Se alquila por vacaciones. Esperanza Tirado








Una noche la escuchó cantar en una sala de fiestas de verano. Le regaló una flor, bebieron, hablaron y se enamoraron. Él le prometió que le construiría un palacio, ella se dejó llevar y cantaron y bebieron su amor hasta que el Sol de verano desapareció tras las montañas del otoño.

Se prometieron seguir juntos, pero las vidas son así de caprichosas y la de cada uno los destinó a un punto opuesto en el mapa. Ella continuó cantando y enamorando a otras audiencias. Y él construyendo casas y castillos para otros. Quizá su deseo de tener castillo propio con ella era como fabricar un sueño maravilloso con almenas y banderolas en el aire. Algo imposible.

La huella de su canto echó raíces en su alma y en su mente sólo estaba ella: Melina. Para la que erigiría la más bella mansión nunca vista por ojos humanos.

A veces, cuando su voz se perdía entre ecos de otras voces y otras noches, se sacudía a sí mismo. Y el recuerdo de sus ojos grises se enfrentaba a los suyos, cansados por la espera, las dudas y los sueños que se sueñan demasiado pero nunca se hacen realidad.

Y pasó el tiempo, y de sus manos salieron otros chalets, otras casas y otros castillos para quienes ya tenían sus sueños firmemente anclados en el mismo punto de la tierra.

Quizá ella no estaba hecha para vivir en ese ambiente duro, de clima reseco. Su hermosa piel merecía rayos cálidos de sol y bellos amaneceres que la mimaran y la acunaran mientras ella cantaba a los pájaros de la mañana.

Así iba imaginando amaneceres y despertares entre cantos de pájaros y nubes de algodón, sus manos firmes iban levantando el castillo soñado. Con muchas ventanas para disfrutar de los paisajes; con habitaciones infinitas para que su voz entrara por todos los espacios; con un sistema de calefacción perfecto que preservara su piel de los estragos de los crudos inviernos; con esquinas redondeadas para que sólo se clavara en ellos la herida del amor.
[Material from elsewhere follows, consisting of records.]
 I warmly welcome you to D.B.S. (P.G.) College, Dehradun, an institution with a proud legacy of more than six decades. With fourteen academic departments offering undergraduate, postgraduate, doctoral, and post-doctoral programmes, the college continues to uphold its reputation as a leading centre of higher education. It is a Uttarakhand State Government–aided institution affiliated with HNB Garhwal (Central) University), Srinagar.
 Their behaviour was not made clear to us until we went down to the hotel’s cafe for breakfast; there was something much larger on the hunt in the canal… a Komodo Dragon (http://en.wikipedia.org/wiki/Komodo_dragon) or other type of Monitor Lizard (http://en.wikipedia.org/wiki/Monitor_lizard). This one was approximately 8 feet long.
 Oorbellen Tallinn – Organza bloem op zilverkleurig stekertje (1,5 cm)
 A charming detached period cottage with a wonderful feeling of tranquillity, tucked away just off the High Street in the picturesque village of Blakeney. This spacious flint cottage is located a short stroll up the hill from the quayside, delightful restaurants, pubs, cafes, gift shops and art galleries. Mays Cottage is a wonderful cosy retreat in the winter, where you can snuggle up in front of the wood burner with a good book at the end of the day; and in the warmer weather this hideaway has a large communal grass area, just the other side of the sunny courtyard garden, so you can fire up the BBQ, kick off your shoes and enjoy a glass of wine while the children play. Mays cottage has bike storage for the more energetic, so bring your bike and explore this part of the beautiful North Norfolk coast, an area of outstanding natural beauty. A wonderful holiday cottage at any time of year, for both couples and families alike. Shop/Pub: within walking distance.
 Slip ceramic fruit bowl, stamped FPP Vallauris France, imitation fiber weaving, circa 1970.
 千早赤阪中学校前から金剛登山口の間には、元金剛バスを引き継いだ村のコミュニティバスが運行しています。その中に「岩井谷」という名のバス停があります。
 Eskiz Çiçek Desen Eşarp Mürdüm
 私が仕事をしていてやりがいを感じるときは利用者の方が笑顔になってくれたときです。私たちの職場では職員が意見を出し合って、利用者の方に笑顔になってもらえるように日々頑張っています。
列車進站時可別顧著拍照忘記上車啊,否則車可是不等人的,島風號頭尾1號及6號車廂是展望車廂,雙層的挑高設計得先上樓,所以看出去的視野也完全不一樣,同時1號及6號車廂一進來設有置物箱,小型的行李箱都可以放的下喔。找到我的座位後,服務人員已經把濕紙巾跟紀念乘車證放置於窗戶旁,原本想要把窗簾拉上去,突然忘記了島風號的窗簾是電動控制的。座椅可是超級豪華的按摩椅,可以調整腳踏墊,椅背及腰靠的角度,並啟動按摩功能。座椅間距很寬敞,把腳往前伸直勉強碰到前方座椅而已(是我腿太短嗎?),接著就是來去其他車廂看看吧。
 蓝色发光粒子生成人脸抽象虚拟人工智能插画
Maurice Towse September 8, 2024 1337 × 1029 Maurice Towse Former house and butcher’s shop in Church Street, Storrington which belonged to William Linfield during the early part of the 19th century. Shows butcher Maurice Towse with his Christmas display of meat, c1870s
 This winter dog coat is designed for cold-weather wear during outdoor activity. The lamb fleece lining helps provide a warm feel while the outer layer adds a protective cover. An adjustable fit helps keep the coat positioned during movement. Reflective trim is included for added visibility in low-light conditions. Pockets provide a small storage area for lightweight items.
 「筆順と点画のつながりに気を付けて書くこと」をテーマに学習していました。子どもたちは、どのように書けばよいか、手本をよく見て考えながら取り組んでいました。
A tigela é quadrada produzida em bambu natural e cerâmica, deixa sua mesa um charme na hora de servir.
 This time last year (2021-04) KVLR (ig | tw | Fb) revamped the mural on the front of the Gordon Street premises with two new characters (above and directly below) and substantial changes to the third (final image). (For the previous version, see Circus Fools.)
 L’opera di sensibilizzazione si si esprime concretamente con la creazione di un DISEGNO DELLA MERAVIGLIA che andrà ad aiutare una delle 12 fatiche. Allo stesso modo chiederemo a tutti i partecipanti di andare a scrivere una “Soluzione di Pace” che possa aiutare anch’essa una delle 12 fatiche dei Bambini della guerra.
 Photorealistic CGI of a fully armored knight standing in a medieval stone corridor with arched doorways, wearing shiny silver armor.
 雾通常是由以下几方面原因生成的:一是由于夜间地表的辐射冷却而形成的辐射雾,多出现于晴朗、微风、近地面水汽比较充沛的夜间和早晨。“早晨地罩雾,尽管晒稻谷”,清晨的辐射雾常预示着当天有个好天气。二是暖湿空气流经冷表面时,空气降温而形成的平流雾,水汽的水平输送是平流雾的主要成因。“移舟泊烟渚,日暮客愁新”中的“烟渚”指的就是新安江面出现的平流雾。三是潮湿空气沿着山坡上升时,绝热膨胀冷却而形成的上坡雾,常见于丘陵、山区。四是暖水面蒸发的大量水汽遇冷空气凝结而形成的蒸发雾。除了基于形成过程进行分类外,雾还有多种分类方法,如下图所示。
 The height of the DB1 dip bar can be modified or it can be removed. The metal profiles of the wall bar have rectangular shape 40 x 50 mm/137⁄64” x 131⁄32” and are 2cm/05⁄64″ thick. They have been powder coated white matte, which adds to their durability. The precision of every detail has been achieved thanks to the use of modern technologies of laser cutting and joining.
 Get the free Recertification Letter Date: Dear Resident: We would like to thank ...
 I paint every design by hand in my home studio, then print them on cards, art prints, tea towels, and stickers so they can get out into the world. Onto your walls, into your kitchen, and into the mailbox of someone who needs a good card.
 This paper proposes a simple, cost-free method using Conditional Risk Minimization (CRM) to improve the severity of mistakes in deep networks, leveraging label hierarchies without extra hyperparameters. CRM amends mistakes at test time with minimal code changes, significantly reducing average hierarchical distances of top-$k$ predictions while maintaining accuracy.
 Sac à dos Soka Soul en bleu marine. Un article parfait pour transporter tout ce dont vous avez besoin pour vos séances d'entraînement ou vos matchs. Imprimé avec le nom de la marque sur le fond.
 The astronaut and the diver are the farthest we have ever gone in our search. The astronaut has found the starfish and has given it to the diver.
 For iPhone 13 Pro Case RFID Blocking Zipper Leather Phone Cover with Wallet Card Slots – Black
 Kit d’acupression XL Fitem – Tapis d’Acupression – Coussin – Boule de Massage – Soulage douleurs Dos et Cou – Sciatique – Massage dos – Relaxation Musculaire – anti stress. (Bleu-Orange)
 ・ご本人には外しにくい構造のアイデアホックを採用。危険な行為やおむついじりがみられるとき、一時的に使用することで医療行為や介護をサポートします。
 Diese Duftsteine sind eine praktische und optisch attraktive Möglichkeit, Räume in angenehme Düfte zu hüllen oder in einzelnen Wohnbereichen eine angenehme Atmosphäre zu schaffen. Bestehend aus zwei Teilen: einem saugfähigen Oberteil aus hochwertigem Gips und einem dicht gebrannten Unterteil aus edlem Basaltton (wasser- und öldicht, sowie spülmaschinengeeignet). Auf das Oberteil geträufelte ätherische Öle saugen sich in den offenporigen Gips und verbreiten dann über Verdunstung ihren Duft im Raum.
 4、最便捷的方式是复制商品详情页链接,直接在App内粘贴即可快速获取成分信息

Pero la burbuja de la espera explotó ante su cara. Y sus manos se quedaron vacías de sueños, trabajo, piedra y ladrillos. La realidad le abofeteó tan fuerte que su cuerpo cayó al fondo de la tierra. Se refugió en una antigua cueva y allí estuvo rumiando su pena como un ermitaño, dolido y ausente del mundo.

Una mañana, la luz del sol entró de nuevo por la cueva y le abrazó con su calor temprano. ¿Melina, eres tú?

Pero no era ella, ella se había esfumado hacía tiempo. Su mundo era otro y no estaba en este.

Su castillo estaba terminado pero ella nunca sería su reina. Tampoco fue capaz de poner un pie dentro una vez lo hubo terminado. Y cerró la puerta para que se quedara dentro su recuerdo y no entraran malos espíritus que lo emponzoñaran.

Para que no cayera pasto del olvido y la ruina, decidió poner un cartel de ‘Se alquila por vacaciones o por toda la eternidad’, e irse lejos de allí; y dejar que otros habitaran aquel castillo de ensueño que un día soñó construir gracias a la voz y a la huella de aquella mujer.

Y continuó construyendo castillos con sus manos y con el corazón lleno de dolor, sobre suelo firme para que otros vivieran y disfrutaran lo que él nunca pudo tener, más que en sus sueños con aquella mujer con nombre de canción.